Any variation of breathing is physiological and may occur during speaking, moving and many other factors. As novel concept, the investigator proposes that such variation of ventilation rhythm and volume may have an important impact on heart rate variability (HRV), which is known as to be an indicator of a healthy heart. Since it has been observed that HRV is an important predictor of mortality in coronary care units, investigation of HRV became more important. Recently it was found that low HRV is associated with an increasing mortality and proposed low HRV to be a marker for critical illness.
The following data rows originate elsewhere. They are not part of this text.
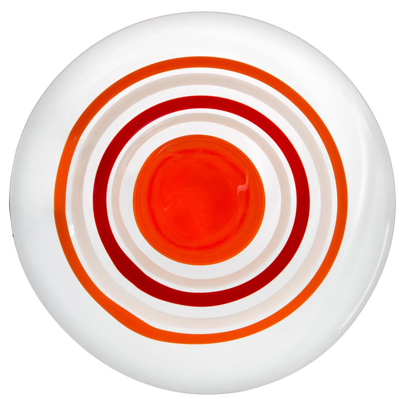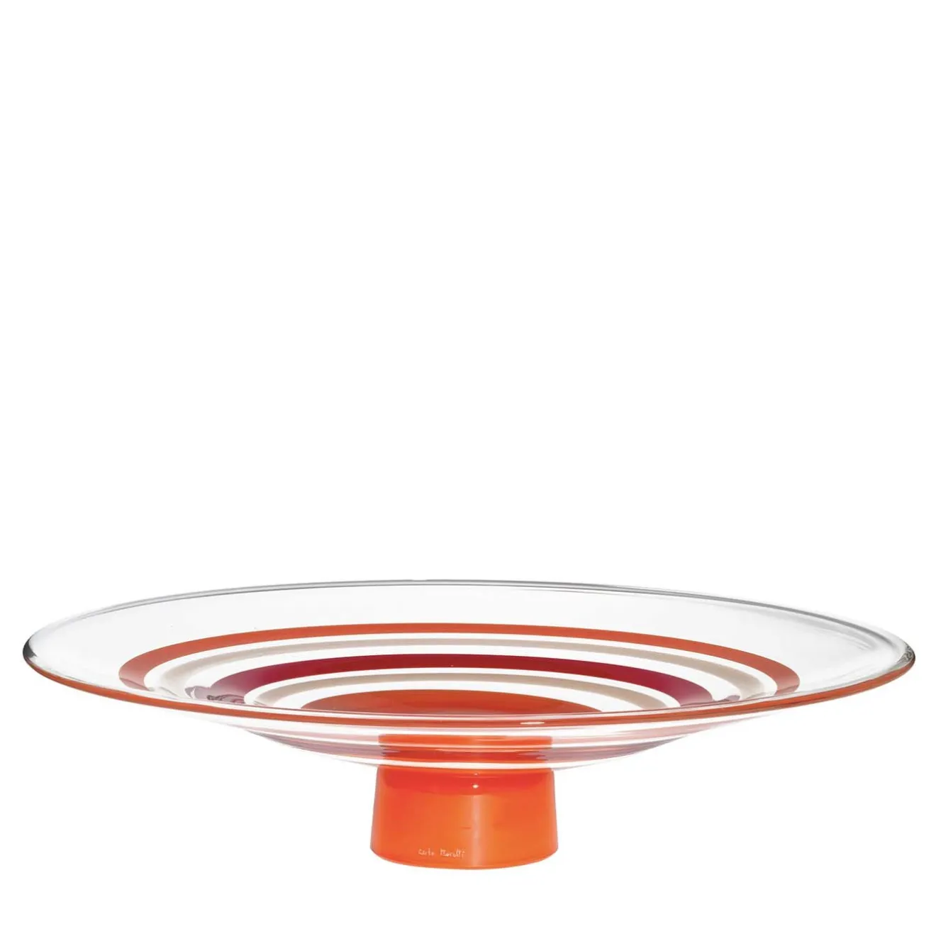 Ci vogliono 20 anni per diventare maestri vetrai e solo i più abili possono utilizzare la tecnica della “mano volante” per creare questa splendida opera d’arte. Questo centrotavola, realizzato in cristallo di Murano soffiato a bocca, vanta una splendida decorazione arancione e avorio applicata a mano mentre il vetro è ancora caldo. Questo sorprendente oggetto scultoreo può sostenere la frutta su un tavolo da pranzo o esporre oggetti da collezione su una console da salotto o su un tavolino da caffè, diventando un elemento di spicco in una casa moderna e raffinata. Fa parte di una serie limitata di 333 pezzi, ciascuno firmato e datato.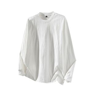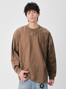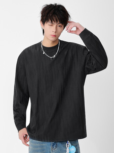 LKTM男装 秋季新款树皮纹提花肌理感长袖T恤男宽松圆领休闲打底衫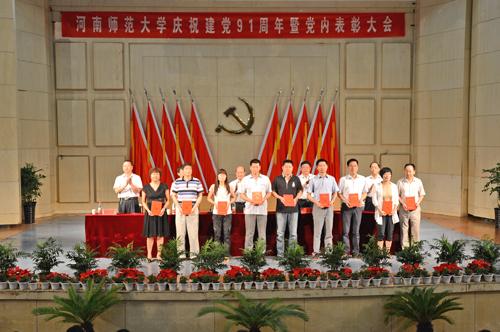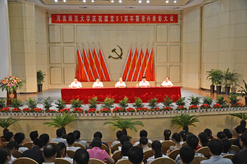6月29日上午,庆祝建党91周年暨创先争优表彰大会在我校音乐厅隆重举行。校党委书记周铁项出席会议并发表讲话,校党委副书记、工会主席王海旺,副校长王新生、黑建敏出席大会;先进党支部代表和全体先进个人,各单位党员干部代表及学生党员代表共470余人参加会议。大会由校长焦留成主持。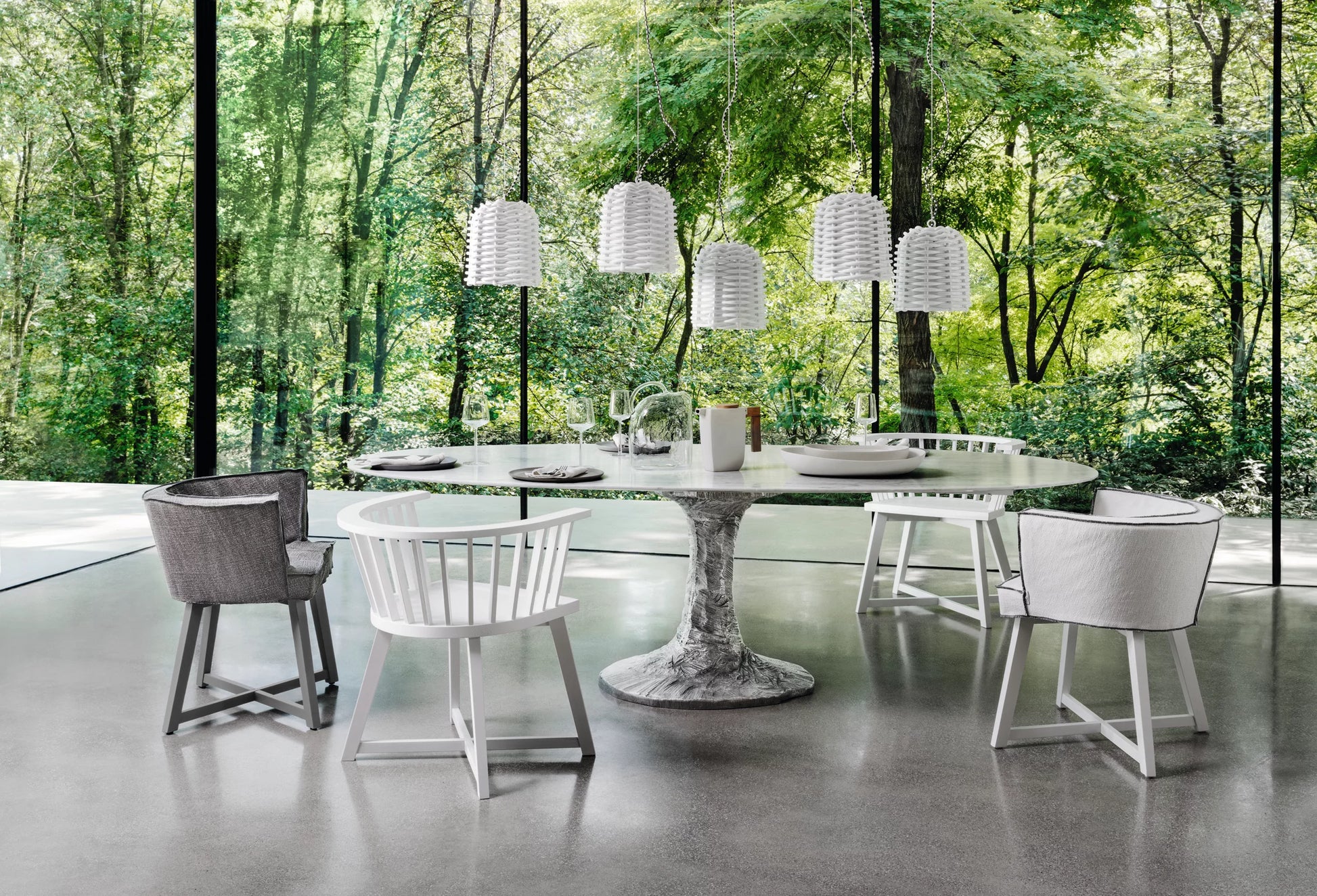 New combinations of materials characterise the Next 132/136/137/138 table family. Available with round or oval top in two sizes, they are characterised by a top available in white Carrara marble or natural painted Canaletto walnut or white, grey, black, ocean, dove-grey, date, blueberry and ginger lacquered American walnut. The base, on the other hand, is made from a single central leg made of polished cast aluminium: the light reflecting on the surface creates a visual effect that is different every time.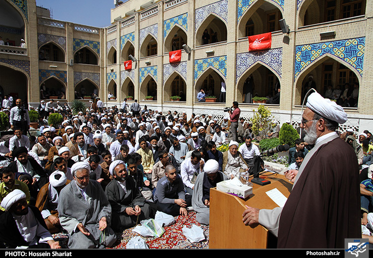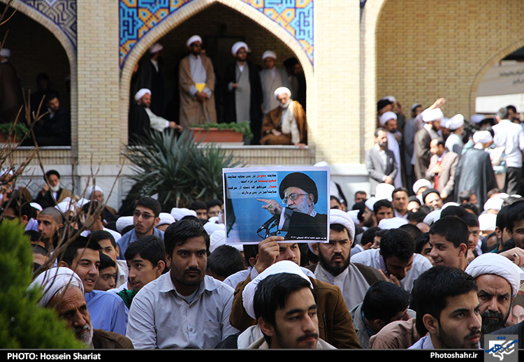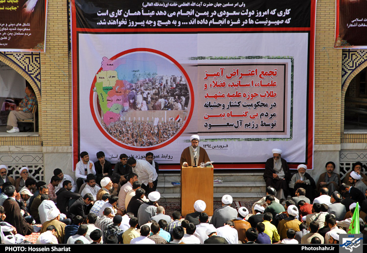 تجمع اعتراض آمیز علما و طلاب حوزه علمیه مشهد در محکومیت جنایات آل سعود

The analysis and further investigation of HRV has therefore become an important issue in modern medicine. Mechanical ventilation plays a pivotal role in ICUs and should be further improved. Mechanical ventilation per se is stressful for the cardiovascular system. Cardiovascular homeostasis is of major importance and the investigator hypothesises that noisy PSV will decrease the stress applied to the human heart measured via heart rate variability.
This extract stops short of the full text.